= Texas Strategic Bitcoin Reserve =

Bitcoin based state reserve fund

The Texas Strategic Bitcoin Reserve is a strategic reserve fund that enables the State of Texas to purchase cryptocurrency.

== History ==

The bill was originally introduced as SB 21 by Senator Charles Schwertner as a way to enable the State of Texas to purchase digital cryptocurrency as a strategic reserve. Any cryptocurrencies purchased with money in the reserve must have an average 24-month market capitalization of at least $500 billion. The bill was co-written by Representative Giovanni Capriglione.

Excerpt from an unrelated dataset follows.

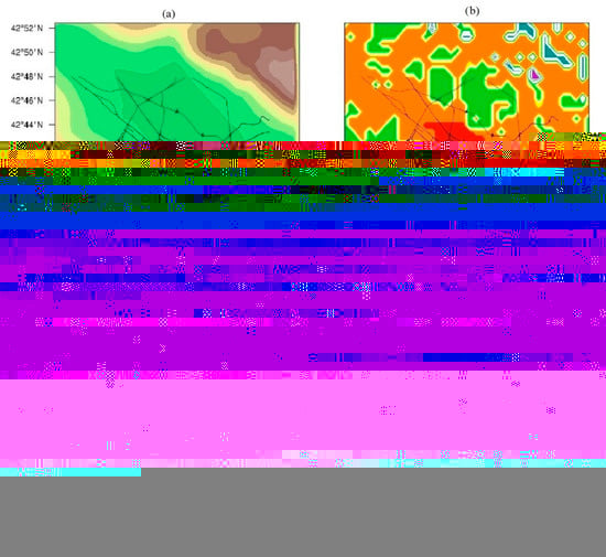The winter slight discomfort is almost the same in the whole domain. It changes with the elevation (Figure 1) in the transition seasons, with a higher frequency in the higher altitude areas. The risk of hypothermia in winter and spring also shows the increasing frequency with altitude. The risk of hypothermia during the autumn, as well as the risk of freezing in the winter and spring, are almost in the same frequency interval. The slight discomfort conditions in the 06 UTC show a little more complex picture, expressing a higher similarity with the changing of the elevation (Figure 1). The spatial distribution of the frequency of the risk of hypothermia, however, shows an opposite behavior—the distribution in 06 UTC is not as complex and similar to the elevation changes (Figure 1) as the whole one. The wind chill severity is highest in the 06 UTC than in the 15 UTC.

It was reported to mirror the strategic bitcoin reserve of the United States federal government created through executive order by Donald Trump.

It passed the Texas Senate in March 2025 by a vote of 25 to 5. It passed the Texas House of Representatives in May 2025 by a vote of 101 to 42.

The bill was signed into law by Governor Greg Abbott on June 22, 2025. Following Arizona and New Hampshire, Texas is the third state to enact legislation creating a bitcoin reserve on the state level.

On November 20, 2025, Texas bought $5 million worth of Bitcoin at a price of approximately $87,000 per BTC. This initial purchase was done through the BlackRock iShares Bitcoin Trust ETF.